§ **YOUR TASK**
Extract only the lines from the start of the entries below to the line with "Comece por saltear", inclusive; omit every picture.

(Collected data entries)
::::
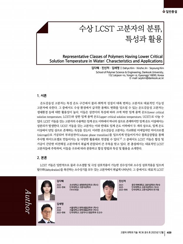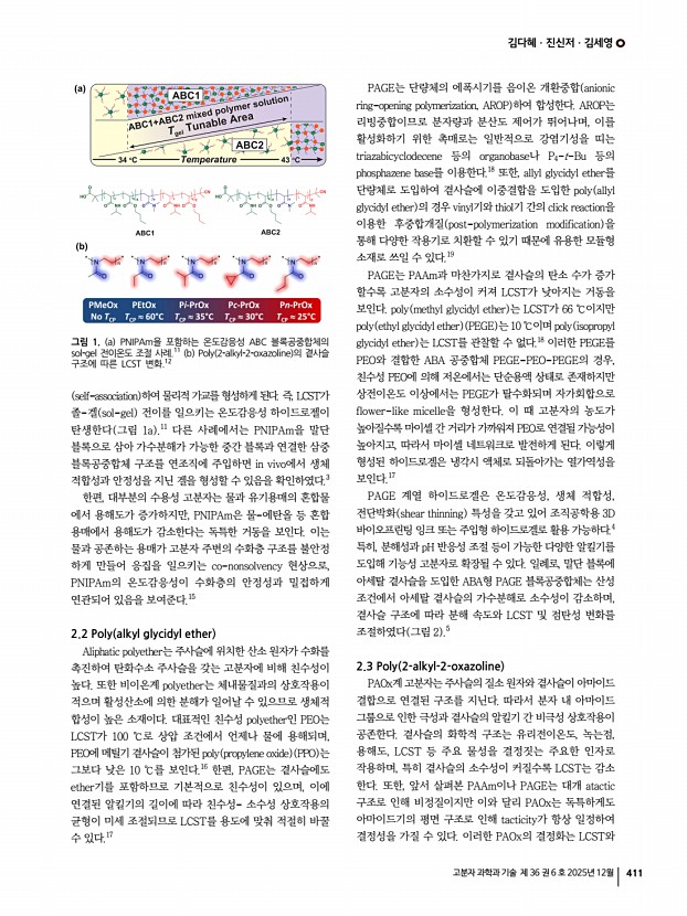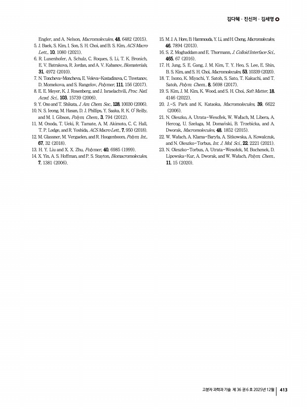 김다혜ㆍ진신저ㆍ김세영 고분자 과학과 기술 제 36 권 6 호 2025년 12월 413 Engler, and A. Nelson, Macromolecules, 48, 6482 2015 5. J. Baek, S. Kim, I. Son, S. H. Choi, and B. S. Kim, ACS Macro Lett., 10, 1080 2021 6. R. Luxenhofer, A. Schulz, C. Roques, S. Li, T. K. Bronich, E. V. Batrakova, R. Jordan, and A. V. Kabanov, Biomaterials, 31, 4972 2010 7. N. Toncheva-Moncheva, E. Veleva-Kostadinova, C. Tsvetanov, D. Momekova, and S. Rangelov, Polymer, 111, 156 2017 8. E. E. Meyer, K. J. Rosenberg, and J. Israelachvili, Proc. Natl. Acad. Sci., 103, 15739 2006 9. Y. Ono and T. Shikata, J. Am. Chem. Soc., 128, 10030 2006 10. N. S. Ieong, M. Hasan, D. J. Phillips, Y. Saaka, R. K. O’Reilly, and M. I. Gibson, Polym. Chem., 3, 794 2012 11. M. Onoda, T. Ueki, R. Tamate, A. M. Akimoto, C. C. Hall, T. P. Lodge, and R. Yoshida, ACS Macro Lett., 7, 950 2018 12. M. Glassner, M. Vergaelen, and R. Hoogenboom, Polym. Int., 67, 32 2018 13. H. Y. Liu and X. X. Zhu, Polymer, 40, 6985 1...
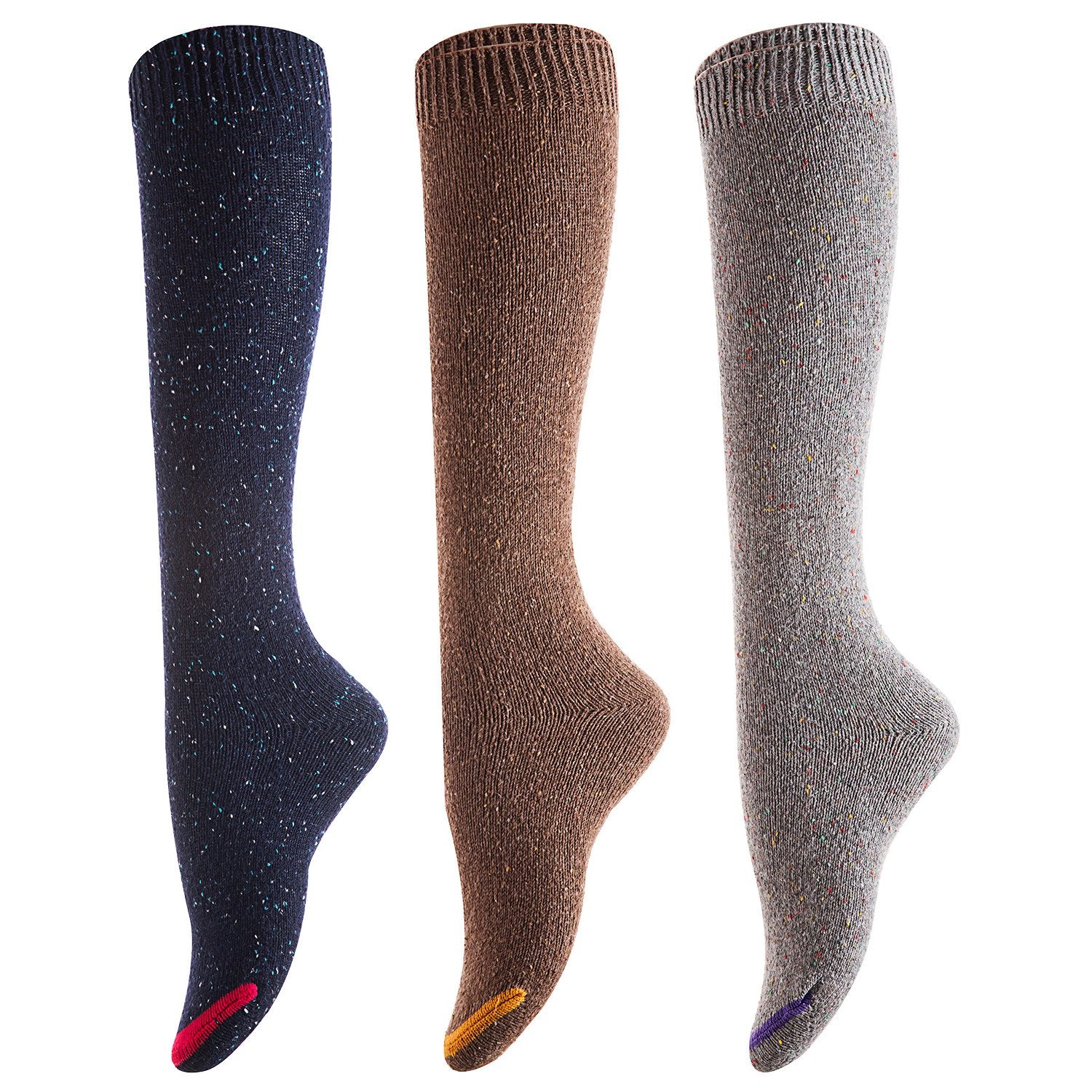 Lovely Annie Women's 3 Pairs Cute High Knee Cotton Socks, Cozy Fluffy Fancy with a Wide Color and Size Rangev Size 7-9 A158212(Grey,Coffee,Navy)
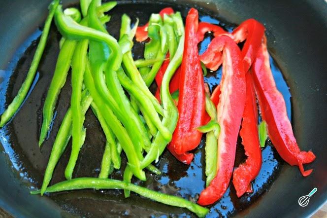 Comece por saltear as verduras, primeiro, adicionando os pimentões a uma panela quente com algumas gotas de óleo. Cozinhe por cerca de 3 minutos depois adicione a cebola e o alho-poró. Deixe cozinhar por mais 3 minutos.
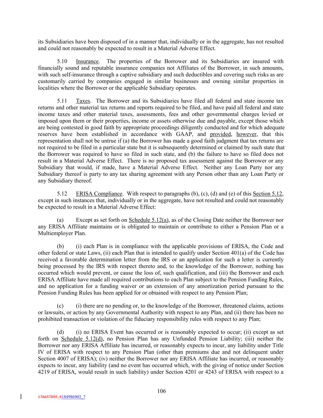 its Subsidiaries have been disposed of in a manner that, individually or in the aggregate, has not resulted and could not reasonably be expected to result in a Material Adverse Effect. 5.10 Insurance. The properties of the Borrower and its Subsidiaries are insured with financially sound and reputable insurance companies not Affiliates of the Borrower, in such amounts, with such self-insurance through a captive subsidiary and such deductibles and covering such risks as are customarily carried by companies engaged in similar businesses and owning similar properties in localities where the Borrower or the applicable Subsidiary operates. 5.11 Taxes. The Borrower and its Subsidiaries have filed all federal and state income tax returns and other material tax returns and reports required to be filed, and have paid all federal and state income taxes and other material taxes, assessments, fees and other governmental charges levied or imposed upon them or their properties, income or assets otherwise due and payable, except those which are being contested in good faith by appropriate proceedings diligently conducted and for which adequate reserves have been established in accordance with GAAP, and provided, however, that this representation shall not be untrue if (a) the Borrower has made a good faith judgment that tax returns are not required to be filed in a particular state but it is subsequently determined or claimed by such state that the Borrower was required to have so filed in such state, and (b) the failure to have so filed does not result in a Material Adverse Effect. There is no proposed tax assessment against the Borrower or any Subsidiary that would, if made, have a Material Adverse Effect. Neither any Loan Party nor any Subsidiary thereof is party to any tax sharing agreement with any Person other than any Loan Party or any Subsidiary thereof. 5.12 ERISA Compliance. With respect to paragraphs (b), (c), (d) and (e) of this Section 5.12, except in such instances that, individually or in the aggregate, have not resulted and could not reasonably be expected to result in a Material Adverse Effect: (a) Except as set forth on Schedule 5.12(a), as of the Closing Date neither the Borrower nor any ERISA Affiliate maintains or is obligated to maintain or contribute to either a Pension Plan or a Multiemployer Plan. (b) (i) each Plan is in compliance with the applicable provisions of ERISA, the Code and other federal or state Laws, (ii) each Plan that is intended to qualify under Section 401(a) of the Code has received a favorable determination letter from the IRS or an application for such a letter is currently being processed by the IRS with respect thereto and, to the knowledge of the Borrower, nothing has occurred which would prevent, or cause the loss of, such qualification, and (iii) the Borrower and each ERISA Affiliate have made all required contributions to each Plan subject to the Pension Funding Rules, and no application for a funding waiver or an extension of any amortization period pursuant to the Pension Funding Rules has been applied for or obtained with respect to any Pension Plan; (c) (i) there are no pending or, to the knowledge of the Borrower, threatened claims, actions or lawsuits, or action by any Governmental Authority with respect to any Plan, and (ii) there has been no prohibited transaction or violation of the fiduciary responsibility rules with respect to any Plan; (d) (i) no ERISA Event has occurred or is reasonably expected to occur; (ii) except as set forth on Schedule 5.12(d), no Pension Plan has any Unfunded Pension Liability; (iii) neither the Borrower nor any ERISA Affiliate has incurred, or reasonably expects to incur, any liability under Title IV of ERISA with respect to any Pension Plan (other than premiums due and not delinquent under Section 4007 of ERISA); (iv) neither the Borrower nor any ERISA Affiliate has incurred, or reasonably expects to incur, any liability (and no event has occurred which, with the giving of notice under Section 4219 of ERISA, would result in such liability) under Section 4201 or 4243 of ERISA with respect to a 106 176657895_8184986903_7
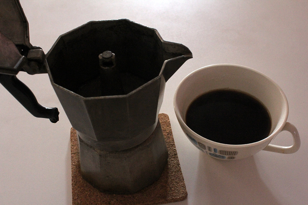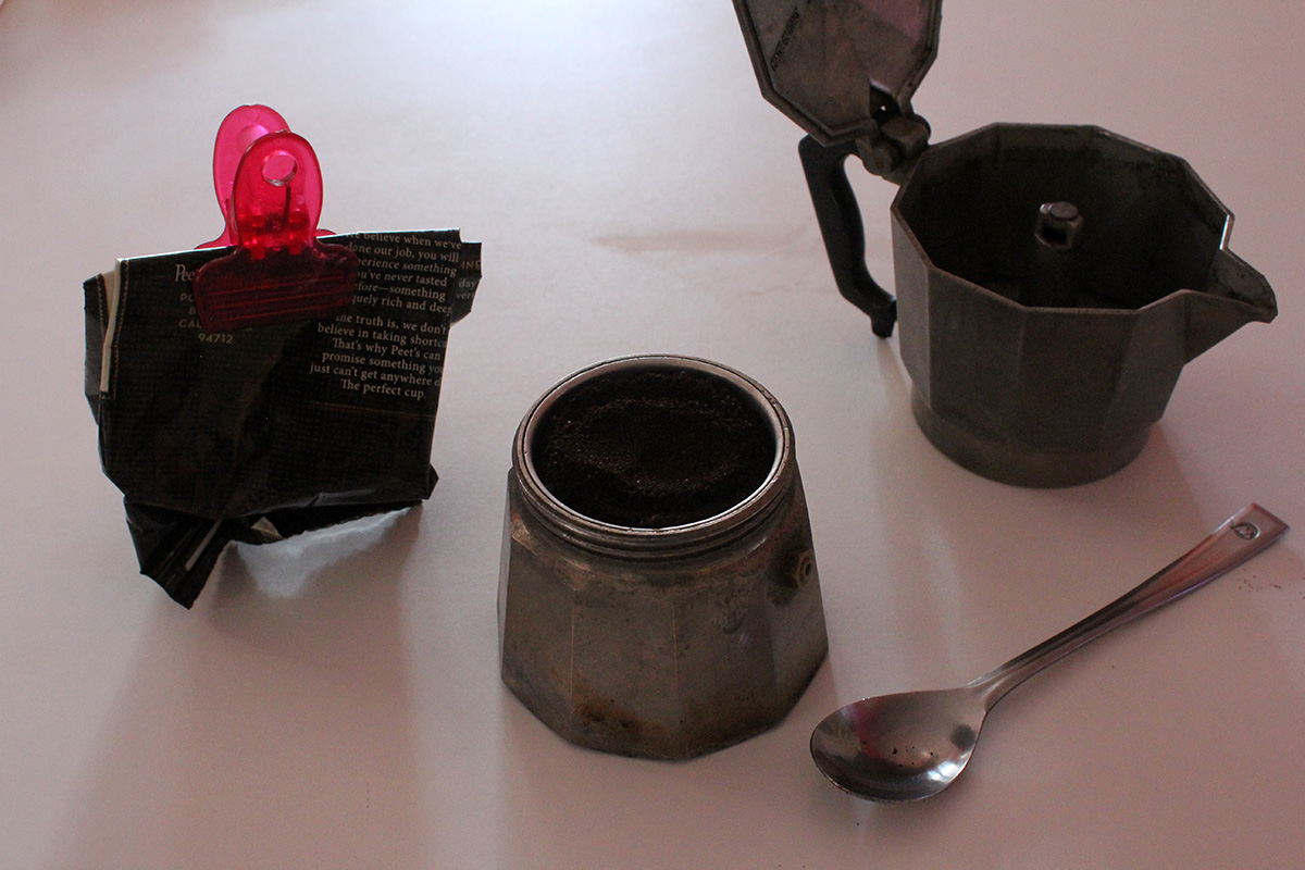 even though this pot was for 3 servings of espresso, the moka pot only made enough coffee for half a single tea cup. i took a sip and immediately disliked it: black and bitter, who would really drink this? i like my coffee with a lot of milk and sugar anyway, so i added some almond milk i had in the fridge. i added enough to turn the black to brown, but that also cooled the coffee to the point where it was barely lukewarm. i added 2 teaspoons of sugar but it was still pretty bitter. i drank it all anyway, almost like medicine, while eating some greek yogurt. less than 15 minutes later i was in the bathroom. could've been the yogurt, could've been the coffee, might very well been both.
::::
§ **OUTPUT OF THE EXERCISE**
 김다혜ㆍ진신저ㆍ김세영 고분자 과학과 기술 제 36 권 6 호 2025년 12월 413 Engler, and A. Nelson, Macromolecules, 48, 6482 2015 5. J. Baek, S. Kim, I. Son, S. H. Choi, and B. S. Kim, ACS Macro Lett., 10, 1080 2021 6. R. Luxenhofer, A. Schulz, C. Roques, S. Li, T. K. Bronich, E. V. Batrakova, R. Jordan, and A. V. Kabanov, Biomaterials, 31, 4972 2010 7. N. Toncheva-Moncheva, E. Veleva-Kostadinova, C. Tsvetanov, D. Momekova, and S. Rangelov, Polymer, 111, 156 2017 8. E. E. Meyer, K. J. Rosenberg, and J. Israelachvili, Proc. Natl. Acad. Sci., 103, 15739 2006 9. Y. Ono and T. Shikata, J. Am. Chem. Soc., 128, 10030 2006 10. N. S. Ieong, M. Hasan, D. J. Phillips, Y. Saaka, R. K. O’Reilly, and M. I. Gibson, Polym. Chem., 3, 794 2012 11. M. Onoda, T. Ueki, R. Tamate, A. M. Akimoto, C. C. Hall, T. P. Lodge, and R. Yoshida, ACS Macro Lett., 7, 950 2018 12. M. Glassner, M. Vergaelen, and R. Hoogenboom, Polym. Int., 67, 32 2018 13. H. Y. Liu and X. X. Zhu, Polymer, 40, 6985 1...
 Lovely Annie Women's 3 Pairs Cute High Knee Cotton Socks, Cozy Fluffy Fancy with a Wide Color and Size Rangev Size 7-9 A158212(Grey,Coffee,Navy)
 Comece por saltear as verduras, primeiro, adicionando os pimentões a uma panela quente com algumas gotas de óleo. Cozinhe por cerca de 3 minutos depois adicione a cebola e o alho-poró. Deixe cozinhar por mais 3 minutos.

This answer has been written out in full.